Me impresiona de Alberto Manguel la meticulosidad con la que prepara la maldita mudanza. ¡Envuelve cada libro!!! Y no son uno ni tres…. No, el mimo de su mudanza no tiene mucho que ver con la mía, y me admira
Digo que debe ser cosa de calendario porque me vienen a las manos dos libros de dos de mi generación, escritos, sentidos, referidos a sendas mudanzas. Mientras embalo mi biblioteca, de Alberto Manguel, traducido por Eduardo Hojman (Alberto escribe en inglés aunque su castellano de porteño es perfecto: cosas de una biografía nómada, la del actual director de la Biblioteca Nacional de Buenos Aires) y El joven sin alma, subtitulado Novela romántica, de Vicente Molina Foix. Y los devoro, los dos, cuando estoy sobreviviendo a una doble mudanza, a sus flecos y vanidades, y ando tan revuelta como ellos, y quizá de las dos maneras distintas en que han reaccionado, por decirlo así, a la terrible circunstancia de ese desenvolverse de tu vida delante de tus ojos curiosos y agobiados a partes no sé si iguales.
Mientras embalo mi biblioteca (Alianza Editorial) consta de nueve de lo que Manguel llama digresiones. Se trata de comentarios a partir del encuentro con esos libros, esos tesoros que vuelven desde el olvido de los años en los anaqueles. Todo el sentido de la biblioteca propia se revela en una mezcla de sorpresa y memoria, donde cada libro, unos más privilegiados que otros, pero todos desvelando ese valor añadido que les otorga aquel papel que tuvieron en tu biografía. Porque los libros nunca llegan ni pasan en vano. Yo solía decir que por las noches, mientras dormimos los humanos, ellos hacen cositas, y se reproducen silenciosamente. Si no, cómo explicas las pilas y las pilas….Hacen cositas y charlan. Y creo que Alberto Manguel ha pillado algunas de esas silentes conversaciones, esas relaciones inauditas entre unos libros y otros. A veces porque resultan estar juntos en la estantería, otras muchas porque se tropiezan en tu memoria. Es ese cúmulo de referencias en las que unos libros contienen tantos otros y a la vez son germinales de otros nuevos. Y de eso va, además del golpe autobiográfico muy sutil, casi oculto, Cuando embalo mi biblioteca.
Me impresiona de Alberto Manguel la meticulosidad con la que prepara la maldita mudanza. ¡Envuelve cada libro!!! Y no son uno ni tres…. No, el mimo de su mudanza no tiene mucho que ver con la mía, y me admira. Pero si me reconozco en esa revisión de los títulos, en esa presencia poderosa de los maestros.
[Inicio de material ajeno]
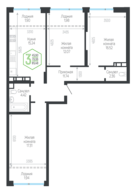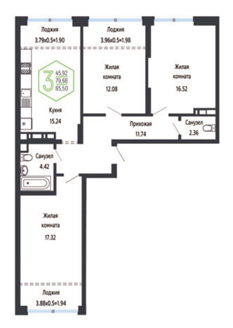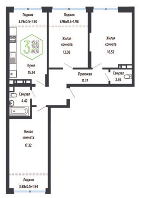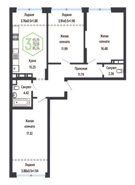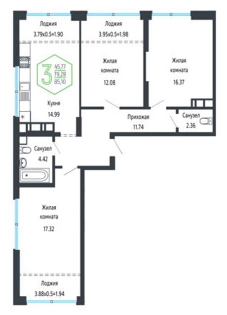 3 85.34 / 45.22 м² от 14 507 800 руб. (170 000 руб./м²) Планировка
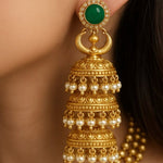 Regal Triple Dome Jhumkas with Pearls & Emerald Stud – Antique Gold Finish in Pure Silver

Y me emociona cómo de esas impresiones, a veces comentadas, mientras embalas la biblioteca, surge un libro delicioso. Pero claro, ese es el fruto de una escritura jugosa, cultísima sin agobiar, con golpes de humor cuando hacen falta. Y deliciosa. Y de ese amor a los libros que Manguel ha demostrado sobradamente.
El enamoramiento apasionado de Terenci no nos extraña a quienes tuvimos la suerte de disfrutar de su amistad. Terenci era, además de divertido y lleno de recursos, además de arrollador, un hombre de una generosidad en sus afectos muy poco común
Y, además de libros –y de objetos, y de muebles y de ropa- en las mudanzas hay papeles. En El joven sin alma (Anagrama), Vicente Molina Foix se ha encontrado, en su mudanza, con dos carpetas germinales que ocupan la última parte del libro, y que, de ser “realidad” (las comillas son de Cabrera Infante) y no ficción, que después de todo el niño desalmado se presenta como una novela, serían el desencadenante de la escritura, el abrememorias, y el elemento aclarador de toda la historia. Pero no se les ocurra leerlas antes de todo lo demás, porque no entenderían nada. Y en este libro hay mucho que entender. Porque propone muchas lecturas, además de esa novela romántica que también es. Por ejemplo, hace una lectura de su generación, y de ese momento digamos prenovísimo, de justo cuando se fragua la célebre antología de Castellet. Pero no le interesan a Vicente Molina las maniobras literarias, que las hubo, sino esos movimientos del alma, esos amores y amistades particulares que cruzaron a un pequeño grupo de escritores todavía en ciernes en Barcelona y en Madrid. En concreto el que formaban, en torno a Film Ideal, la revista de cine, Terenci Moix (entonces Ramón), Pere Gimferrer (todavía Pedro) Ana María Moix, y el propio Vicente, y luego Guillermo Carnero y Leopoldo María Panero.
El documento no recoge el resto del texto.